→ **How to complete this task**: Exact wording is needed for every line from the one holding "Inel din Argint" to the end of the records below; write those lines out and omit the pictures.

→ **Data section**:
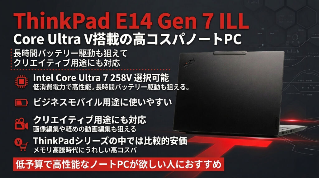 ノートPC全体が高価格化している今、価格を抑えつつも品質の高いモデルを選びたい人には、ThinkPad E14 Gen 7 ILL(14型 Intel)はかなり有力な選択肢です。
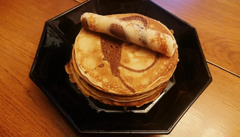 7° Versez un tourbillon de chocolat avec une louche, et complétez avec la pâte à la vanille. Recouvrez totalement. Une fois la surface sèche, retournez la crêpe avec une spatule plate et poursuivez la cuisson 2 minutes sur l'autre face. Déposez dans une assiette de service et répétez l'opération jusqu'à épuisement de la pâte.
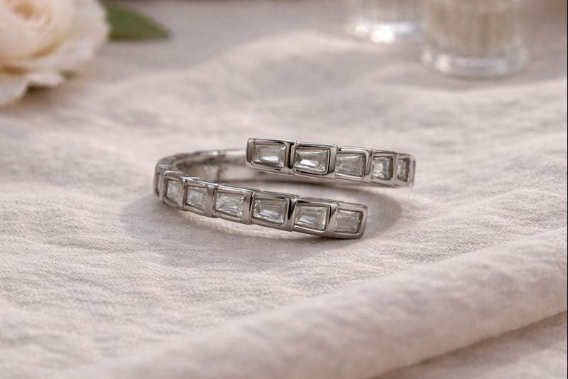 Inel din Argint 925 cu Design Deschis și Pietre Baguette – Eleganță Modernă
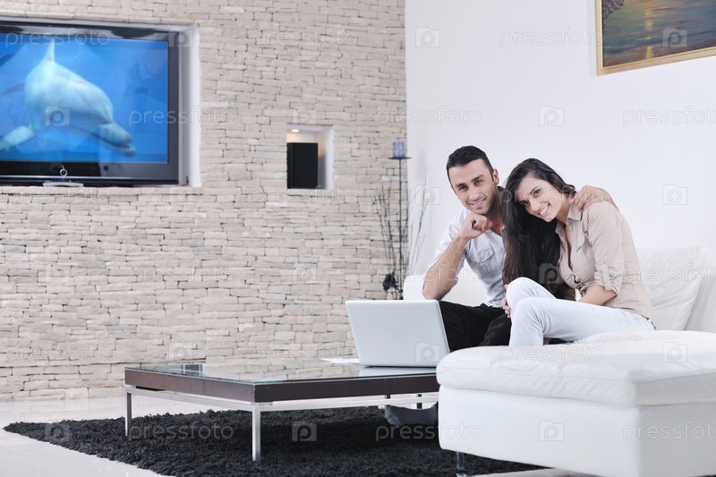 Молодая пара с ноутбуком в современной гостиной
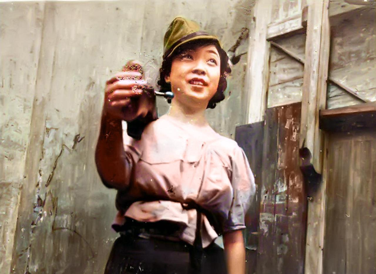 1939年,广西南宁。一个年轻漂亮的女子,头戴日军帽子,肩扛着三八步枪,面带笑容
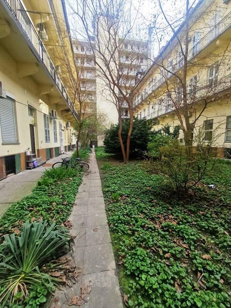 A lakás egy hangulatos, klasszikus bérház 2. emeletén található, és egy zöld, fás belső udvarra néz, így valódi csendes menedék a belváros forgatagában.

→ **Final answer**:
 Inel din Argint 925 cu Design Deschis și Pietre Baguette – Eleganță Modernă
 Молодая пара с ноутбуком в современной гостиной
 1939年,广西南宁。一个年轻漂亮的女子,头戴日军帽子,肩扛着三八步枪,面带笑容
 A lakás egy hangulatos, klasszikus bérház 2. emeletén található, és egy zöld, fás belső udvarra néz, így valódi csendes menedék a belváros forgatagában.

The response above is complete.